**Exercise data**
======

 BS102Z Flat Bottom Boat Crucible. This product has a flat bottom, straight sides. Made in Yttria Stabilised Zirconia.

======

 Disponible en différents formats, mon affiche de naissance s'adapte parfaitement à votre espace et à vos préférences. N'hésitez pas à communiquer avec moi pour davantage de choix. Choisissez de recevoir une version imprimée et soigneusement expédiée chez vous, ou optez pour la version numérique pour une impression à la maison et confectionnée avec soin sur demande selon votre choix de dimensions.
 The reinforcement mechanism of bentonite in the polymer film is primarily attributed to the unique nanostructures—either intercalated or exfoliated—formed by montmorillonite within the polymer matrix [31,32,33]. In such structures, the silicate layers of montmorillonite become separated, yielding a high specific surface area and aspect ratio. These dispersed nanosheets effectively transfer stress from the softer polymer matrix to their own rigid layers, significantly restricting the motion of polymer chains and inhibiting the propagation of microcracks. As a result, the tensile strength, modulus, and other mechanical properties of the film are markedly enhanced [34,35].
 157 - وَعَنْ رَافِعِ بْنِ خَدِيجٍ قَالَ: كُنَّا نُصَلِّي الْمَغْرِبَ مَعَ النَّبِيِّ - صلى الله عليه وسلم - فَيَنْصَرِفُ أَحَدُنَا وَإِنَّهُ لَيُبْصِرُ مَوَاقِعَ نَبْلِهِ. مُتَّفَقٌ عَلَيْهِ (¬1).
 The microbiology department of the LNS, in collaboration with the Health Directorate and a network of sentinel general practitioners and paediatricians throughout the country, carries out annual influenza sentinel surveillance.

======

Your answer should be the lines above, from the line containing "157 - وَعَنْ" up to and including the line containing "The microbiology department", reproduced exactly and with nothing else.

**Written reply**
 157 - وَعَنْ رَافِعِ بْنِ خَدِيجٍ قَالَ: كُنَّا نُصَلِّي الْمَغْرِبَ مَعَ النَّبِيِّ - صلى الله عليه وسلم - فَيَنْصَرِفُ أَحَدُنَا وَإِنَّهُ لَيُبْصِرُ مَوَاقِعَ نَبْلِهِ. مُتَّفَقٌ عَلَيْهِ (¬1).
 The microbiology department of the LNS, in collaboration with the Health Directorate and a network of sentinel general practitioners and paediatricians throughout the country, carries out annual influenza sentinel surveillance.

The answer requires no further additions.